Acariciará su piel y llegará al punto de ebullición del deseo. Pero la
culminación de la carnalidad se va retrasando y poco a poco se convierte en una
obsesión del protagonista. Y de nuevo el amor vuelve a ser una lucha entre la
realidad y el deseo, y por tanto poesía. El platonismo es una caldera
trabajando a todo vapor. Pero también la caldera genital es algo que no podemos
negar y el intento de equilibrio se convertirá en el tema de la novela, cuyo
desenlace pertenece al terreno de la nostalgia, pero no al del pasado. No
desvelamos más. Nos limitaremos a invitarles a leer para conocer el talento de
un autor capaz de manejar esta situación, estos personajes, este escenario.
Los países invisibles
Eduardo
Lalo
Fórcola
Madrid,
2016
150
páginas
Lo
invisible, maldita sea, es sólido. Hasta un país, por muy invisible que sea, es
sólido. Lo que tal vez no se solidifique sea un viaje. Un viaje es éter. Nada.

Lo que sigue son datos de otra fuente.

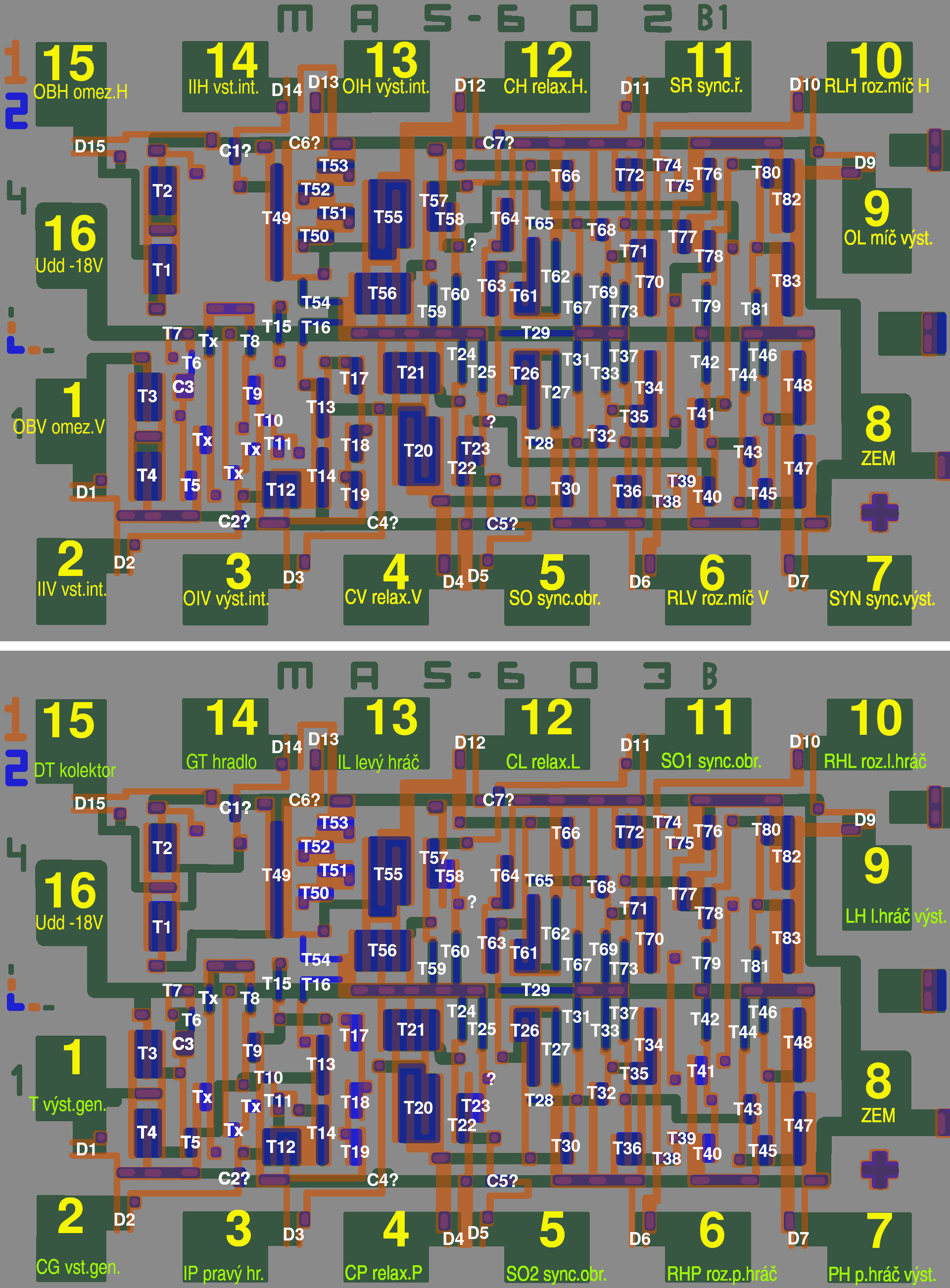 V minulém článku jsme si představili zvenku i zevnitř televizní hru XD-8001, kterou od roku 1979 vyráběla Piešťanská Tesla. Hra je založena na specializovaných čipech MAS601-603, navržených a vyráběných přímo v Piešťanech, což je v rámci tehdejšího východního bloku herní unikát, a i ve světovém měřítku vzácnost. Tento článek je určen pro obzvláště zvídavého a trpělivého čtenáře, neboť půjdeme ještě hlouběji: Nahlédneme přímo do vnitřní struktury zmíněných čipů a pokusíme se rozluštit jejich fungování. Zkusíme si také odpovědět na otázky ze závěru minulého článku: Proč rozdělení na 3 obvody? Proč napětí -18V? Proč je půlka hry analogová?

Al menos eso parece decir, por momentos, Eduardo Lalo (Cuba, 1960). Porque o lo
que uno ve en el viaje es lo mismo que se encuentra en cualquier lugar del
mundo, o lo que está visitando se ha convertido en un parque temático. En
cualquiera de los dos casos, uno no ve lo singular. El propio Eduardo Lalo no
tiene ningún rubor a la hora de confesar que en algún lugar del mundo -Londres,
Venecia, Madrid, Valencia- ha comido en un McDonalds. Ese restaurante es tan
global como los top manta vendiendo imitaciones de los productos
más caros que los ricos ambicionan en todo el mundo. Lo que finalmente sucede,
nos viene a decir el autor, es que lo hipervisible termina por no verse.
Para
ello escribe uno de esos ensayos que se van construyendo a medida que se
redactan: uno tiene muy claro lo que quiere decir, hacia dónde apuntar, cuál es
la tesis. Pero no existe viaje en el que no sucedan imprevistos. Y uno de esos
viajes es la escritura de este ensayo contundente, hijo de autores que han
influido en Lalo de la categoría de Cioran. La forma de expresarse delata al
maestro. Los países invisibles es un ensayo psicosociológico que parte de la
inexistencia de Puerto Rico, el país donde vive el autor, el primero de los
países que pasó de no ser a ser global. Ese malestar le lleva a disputar entre
párrafos dos ideas: por un lado la exigencia de hacerse visible, por otro la
aceptación de la invisibilidad. De ahí ese extrañamiento que le supone al autor
la vuelta a Puerto Rico tras un paso por Europa que le deja marcas como la de
Carmen Martín Gaite. Recordar a la escritora salmantina, a la amistad que
mantuvo con ella, le ayuda a reflexionar sobre el oficio de escribir. Los que
mejor escriben, o los que mejor se expresan, esos sí poseen un discurso. A ellos
son a los que mejor se les ve.
Por
el contrario, nadie es tan invisible como un condenado, excepto un bendito. Y
estos se encuentran, por arte de una cultura fundacional que en realidad es un
código de los media, en que la cultura es blanca, europea y anglófona. Al menos
la cultura visible. Todos los demás, africanos, hispanos, asiáticos, “tendrán
para siempre el adjetivo identitario atado a sus esfuerzos”. “Al final uno se
encuentra siempre con el perro de Ulises”, afirma, para resolver eso que le
incomoda al regreso. A partir de ahí busca quiénes le pueden salvar, gente que
fue exiliada en un país invisible, como Diógenes o Robinson Crusoe. Es así como
escribiendo desde la supuesta invisibilidad, Eduardo Lalo confiere al texto una
intensidad tan transparente como lúcida y barroca.